- by Janne Oinonen
- Tuesday, November 17, 2009
- filed in:
You’ve got to have some self-confidence to go with a name like that, but the Swedish six-piece’s chosen handle necessitates no complaints to the Advertising Standards Authority. The Amazing really are, well, amazing.
Not that they’ll be picking up trophies for groundbreaking innovation anytime soon. The Amazing’s musical reference points don’t reach much further than the early 70’s; this is an album that’s more interested in rummaging in the long-forgotten, dusty corners of the past than gazing bravely into the future. Not that there’s anything particularly wrong with that. At a time when the antiquated long-hair likes of Hendrix and Pink Floyd remain hot property for other than purely nostalgic reasons, an ability to twist vintage influences into compelling new shapes should be enough to secure the listeners’ interest. As with fellow Swedes Dungen (the two bands share a few members), The Amazing have no problems whatsoever in squeezing fresh, singular sounds from oft-cited sources. What might in the wrong hands resort to pointless pastiche, an exercise in aping past masters, becomes in many places during these ten tracks considerably more adventurous and original than what most bands trading exclusively in the hip, the happening, the now can manage.

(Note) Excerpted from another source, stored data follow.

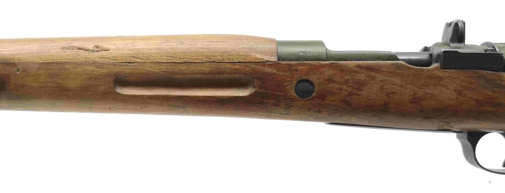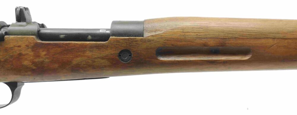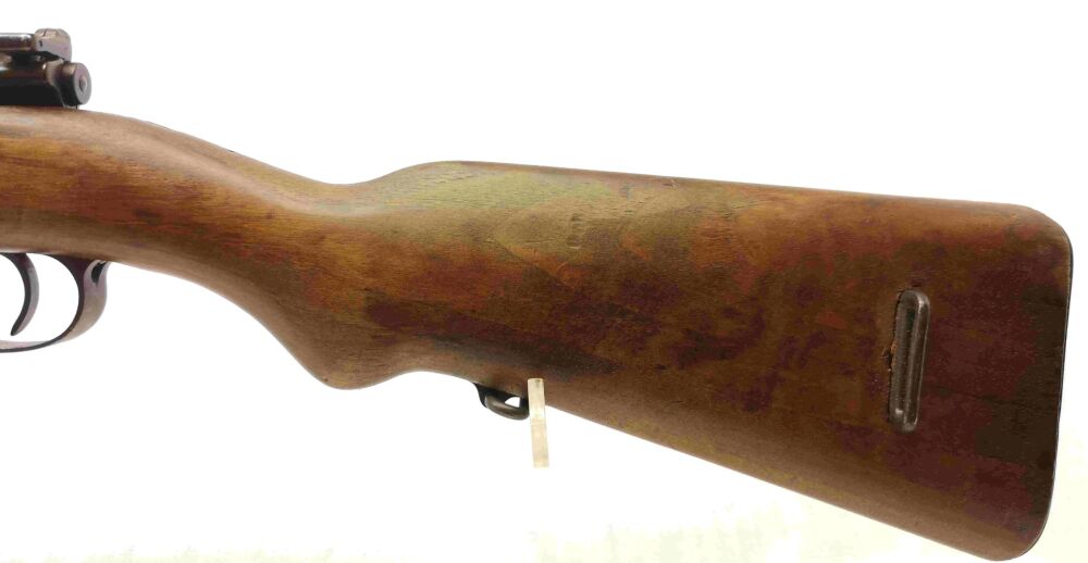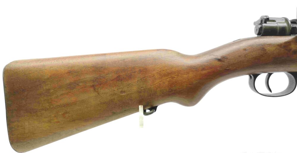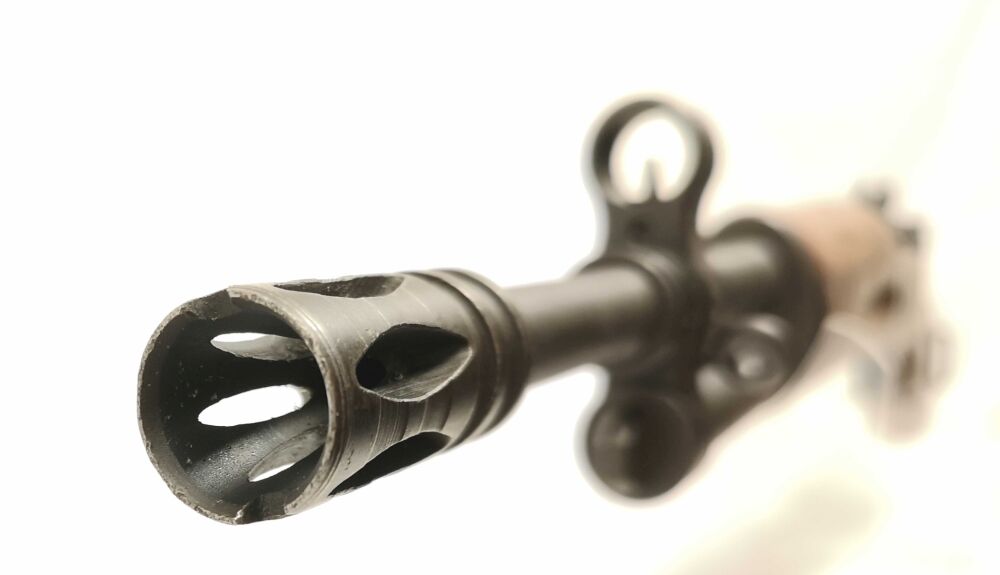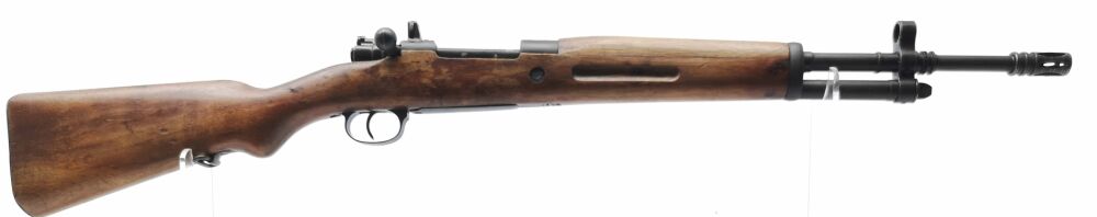 Besonderheit: führige spanische Ordonnanzwaffe aus 1948, beliebt auch für die Nachsuche, Fabrica de Armas FR8, Kal. 308Win., mit Mündungsfeuerbremse, 98er ähnlichem System mit Flügelsicherung, innenliegendes Magazin, Lauf und Verschluss nummerngleich, Drehkimme und Stiftkorn m. Korntunnel, Metallschaftkappe und Riemenbügelösen, Mehrlader, Lauf blank mit scharfen Feldern & Zügen
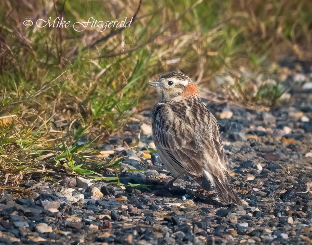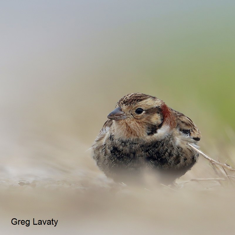 The Chestnut-collared Longspur is a common passerine of North America’s shortgrass prairies, rangelands, and desert grasslands. They are rarely seen on the Upper Texas Coast but one has shown up on the Bolivar Peninsula! These birds are stocky and have a stout bill. Breeding males have a black belly, yellowish throat, bold black patterning on the face, and a chestnut nape. Nonbreeding adults and immature birds are buffy overall with streaking on the back. Their underparts are grayish with blurry streaks and their faces are rather plain in this plumage.
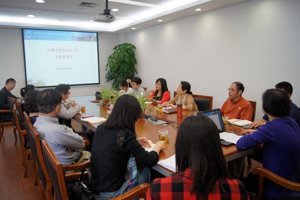 5月20日上午,为进一步加强外国语学院宣传工作队伍建设,优化宣传工作机制,更好地为学院各项中心工作服务,外国语学院在C512会议室召开2016年度宣传工作交流座谈会。院党委书记施雯、副院长邓志勇、副院长苗福光、各系部和研究中心负责人、教职工党支部书记以及各部门通讯员代表参加了交流会。会议由外国语学院党委副书记曾桂娥主持,
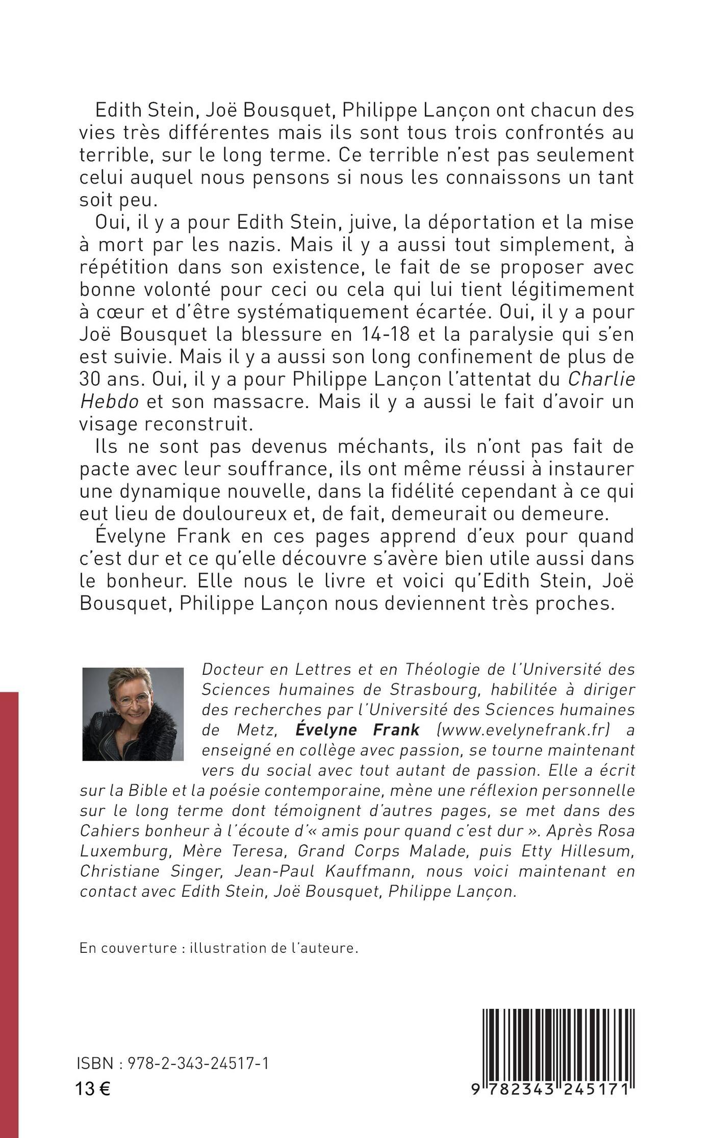 Edith Stein, Joë Bousquet, Philippe Lançon ont chacun des vies très différentes mais ils sont tous trois confrontés au terrible, sur le long terme. Ce terrible n’est pas seulement celui auquel nous pensons si nous les connaissons un tant soit peu. Oui, il y a pour Edith Stein, juive, la déportation et la mise à mort par les nazis. Mais il y a aussi tout simplement, à répétition dans son existence, le fait de se proposer avec bonne volonté pour ceci ou cela qui lui tient légitimement à coeur et d’être systématiquement écartée. Oui, il y a pour Joë Bousquet la blessure en 14-18 et la paralysie qui s’en est suivie. Mais il y a aussi son long confinement de plus de 30 ans. Oui, il y a pour Philippe Lançon l’attentat du Charlie Hebdo et son massacre. Mais il y a aussi le fait d’avoir un visage reconstruit. Ils ne sont pas devenus méchants, ils n’ont pas fait de pacte avec leur souffrance, ils ont même réussi à instaurer une dynamique nouvelle, dans la fidélité cependant à ce qui eut lieu de douloureux et, de fait, demeurait ou demeure. Évelyne Frank en ces pages apprend d’eux pour quand c’est dur et ce qu’elle découvre s’avère bien utile aussi dans le bonheur. Elle nous le livre et voici qu’Edith Stein, Joë Bousquet, Philippe Lançon nous deviennent très proches.
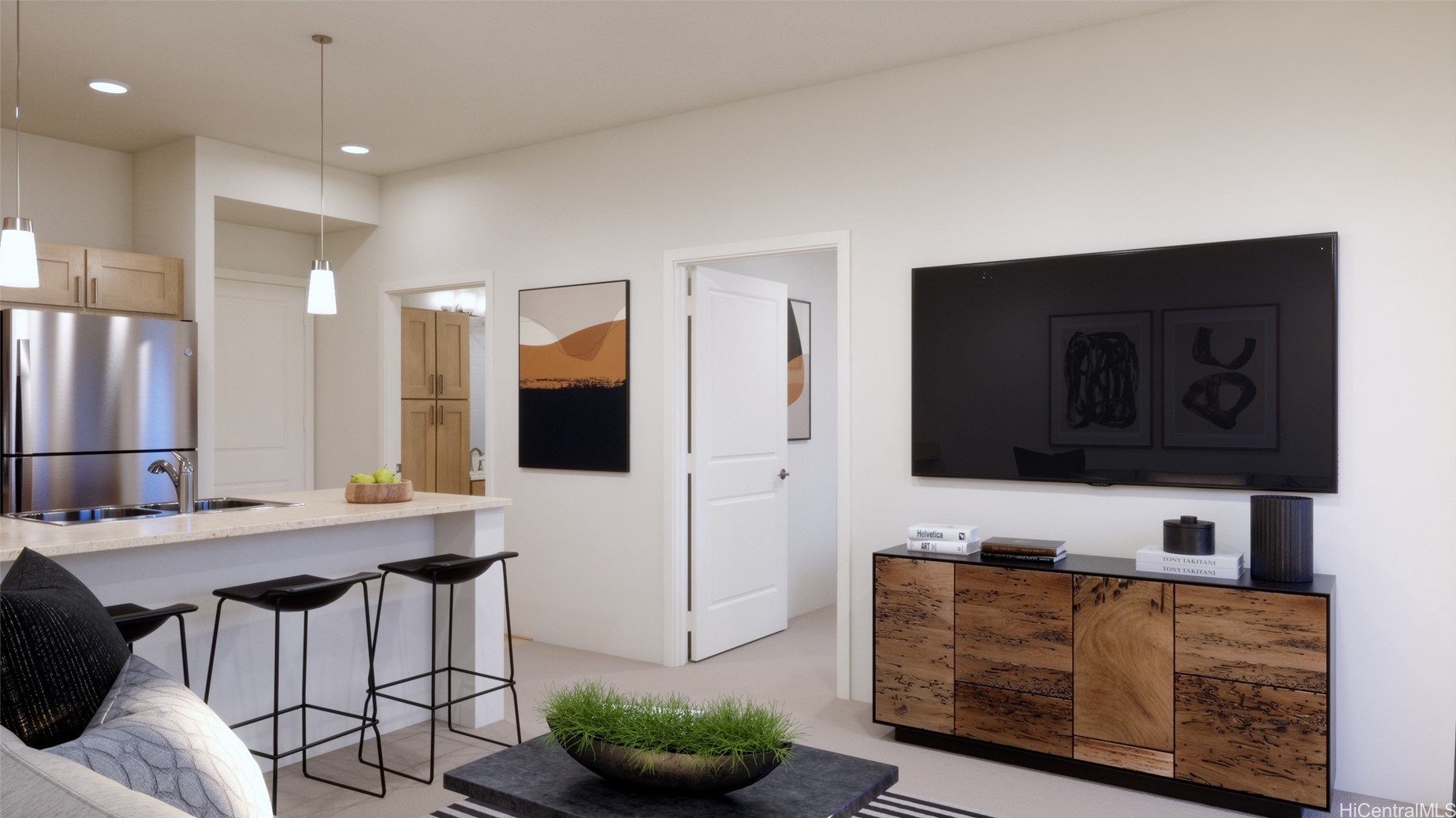 Welcome to Lau Le'a at Koa Ridge. Castle & Cooke Homes newest townhome community thoughtfully designed for Hawaii families. Nestle in a highly desirable master-planned community in Central Oahu. This 1 bedroom, 1 bath unit with 2 assigned parking stalls offer spacious open concept living with modern comforts. Enjoy easy access to the H2 freeway and minutes away from Costco, Foodland, many local eateries, Central Oahu Regional Park, Waikele Shopping Center and more. Key features include interior fire sprinklers, wall a/c units in the living room and bedroom for your comfort, HIMAC kitchen & bath countertops, maple shaker kitchen & bathroom soft close kitchen & bath cabinets with wood boxes , hurricane impact resistant windows for enhanced safety, Alrm.com WI-FI doorbell with live & recording feed, solar hot water system for energy efficiency and more. Come join the many families that live in this wonderful "Surban" Community.
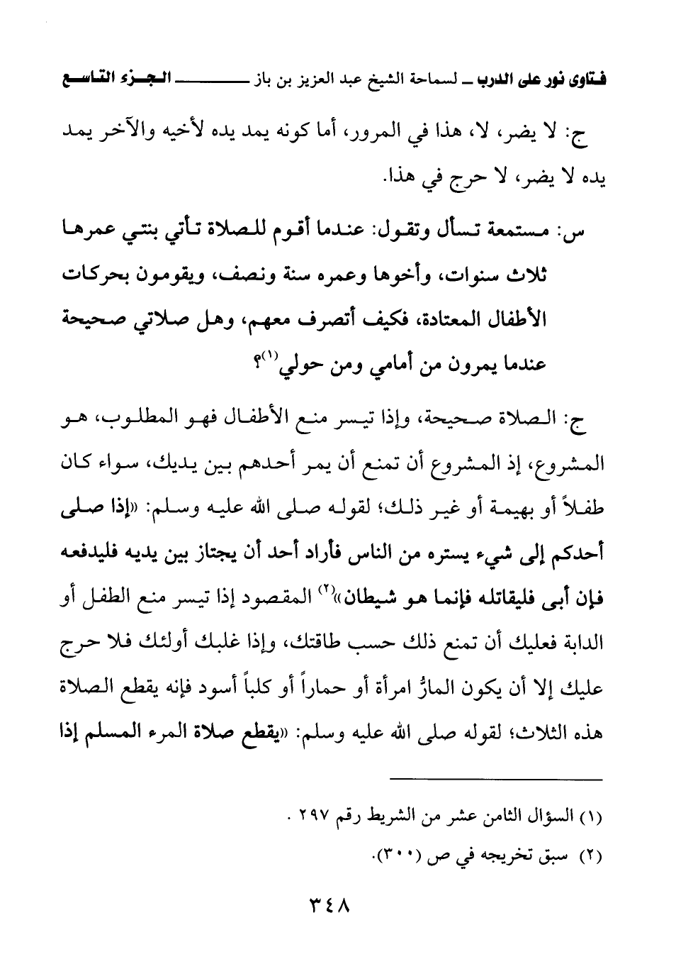 ج: الصلاة صحيحة، وإذا تيسر منع الأطفال فهو المطلوب، هو المشروع، إذا المشروع أن تمنع أن يمر أحدهم بين يديك، سواء كان طفلا أو بهيمة أو غير ذلك؛ لقوله صلى الله عليه وسلم: «إذا صلى أحدكم إلى شيء يستره من الناس فأراد أحد أن يجتاز بين يديه فليدفعه فإن أبى فليقاتله فإنما هو شيطان (¬2)» المقصود إذا تيسر منع الطفل أو الدابة فعليك أن تمنع ذلك حسب طاقتك، وإذا غلبك أولئك فلا حرج عليك إلا أن يكون المار امرأة أو حمارا أو كلبا أسود فإنه يقطع الصلاة هذه الثلاث؛ لقوله صلى الله عليه وسلم: «يقطع صلاة المرء المسلم إذا
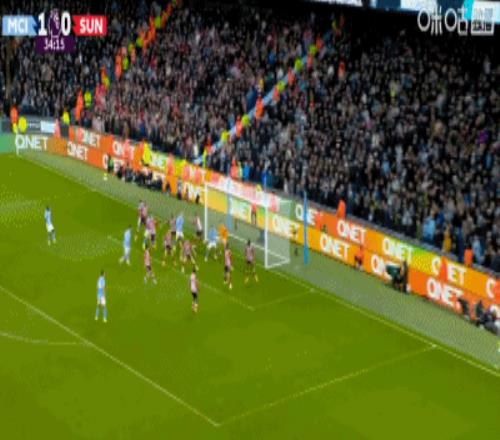 第31分钟,鲁本-迪亚斯轰出一记世界波,曼城1-0领先桑德兰!
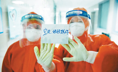 在湖北省十堰市郧阳区人民医院感染科,28岁的护士焦娇坚守在隔离病区,偶尔才能与3岁的女儿视频通话。图为焦娇(左)与同事将写有“宝贝,妈妈想你”的纸条贴在玻璃上。周家山摄(人民视觉)
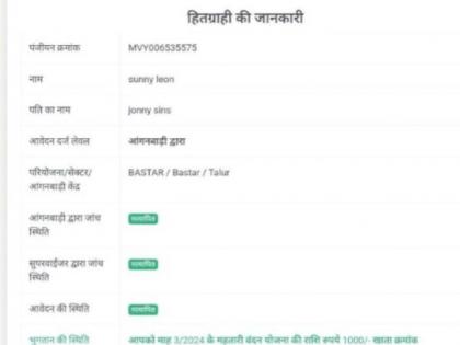 अभिनेत्री सनी लिओनीच्या नावाने अर्ज भरून पैसे लाटणाऱ्याला पोलिसांनी अटक केली. महतारी वंदन योजनेतंर्गत अर्ज दाखल करून आरोपी प्रत्येक महिन्याला हजार रुपये घेत होता. ही बाब जेव्हा प्रशासनाच्या निदर्शनास आले, तेव्हा याची चौकशी करण्यात आली.
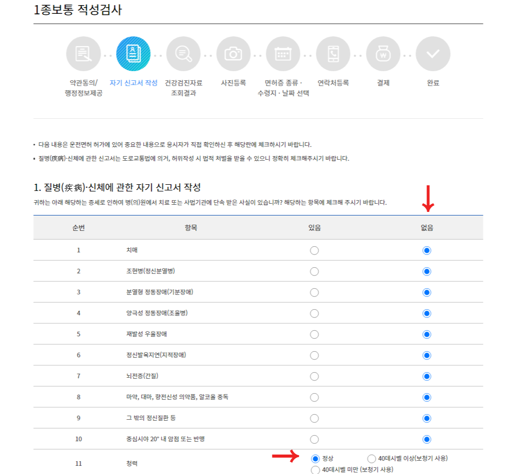 1. 운전면허증(모바일)발급 - 1종보통 적성검사 클릭
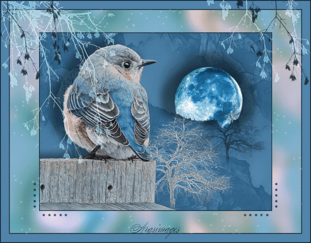 Thanks go to Linda Youngblood for her beautiful photography of the moon. CorbyAmos reference photo/ ShirleyGreenville artwork was found on the internet. Thanks to them both for their beautiful bluebird image.
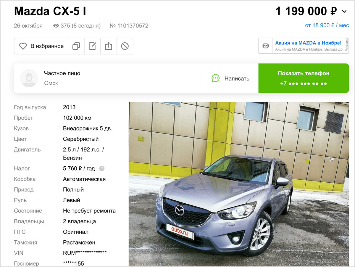 Но похоже, все эти действия с СХ-5 не прошли для него без следа. Иначе как объяснить, что такой популярный на вторичке автомобиль его второй владелец продаёт уже почти год? Сначала через автосалон (один из крупнейших в регионе, если верить объявлению), куда машину поставили на комиссию. А теперь вот самостоятельно, но кроссовер снова «завис».
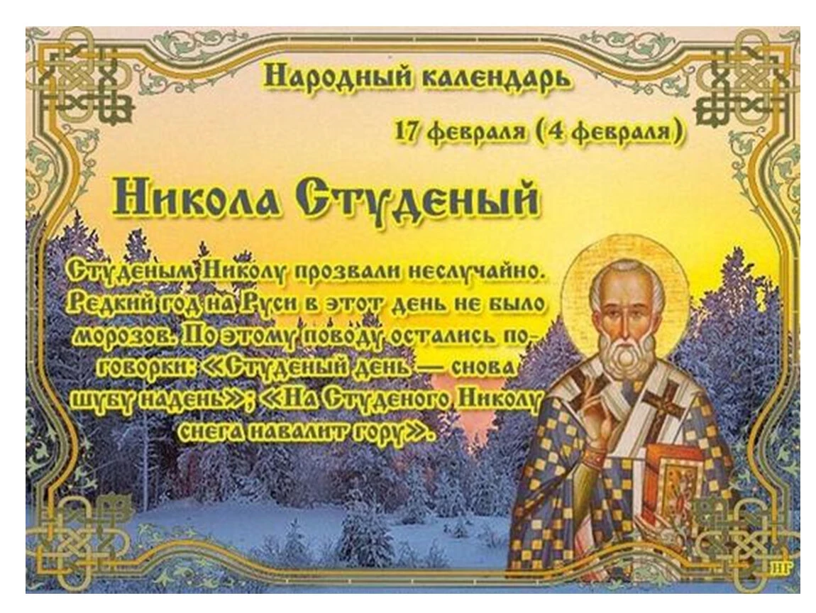 17 февраля в церквях вспоминают преподобного Николая Исповедника, а в народе празднуют Николу Студеного. Этот день всегда был связан с крепкими морозами и снегопадами, и хотя зимняя стужа приносила немало неудобств, в народе верили, что после Николы наступит долгожданное потепление.

‘The Amazing’s essentially an album that tried to decide whether to indulge in extended jams or sit down for a spot of stripped-down strumming, only to find out it could tackle both approaches with equal aplomb. As such, drawn-out but dynamic ‘electric’ tracks intersperse with breezy bucolic numbers. Of the former, ‘The Kirwan Song’s especially effective, a cloud-hugging, Dungen-flavoured groove built around a hook on loan from Danny Kirwan (guitarist for the bluesy first incarnation of Fleetwood Mac). ‘Dead’ misfires into excessive heavy-handedness, but the dreamy 10 minutes of epic ‘Had to Keep Walking’ – with echoes of the bleary-eyed blues of Neil Young’s ‘On The Beach’ – that follow more than compensate for the odd stumble.
Of the quieter moments, the heavy-lidded small hours smokiness of ‘Romanian’ is pure bliss, a slice of whispered beauty floating on a particularly atmospheric performance from Dungen guitarist Reine Fiske. ‘Is It Likely’, meanwhile, borrows the jazzy beat from Nick Drake’s ‘At the Chime of The City Clock’ with outstanding outcomes. Add to this drops of excellent, early John Martyn-hued folk-rock (‘Dragon’, ‘Deportation Day’), and you’ve an uncommonly surefooted debut.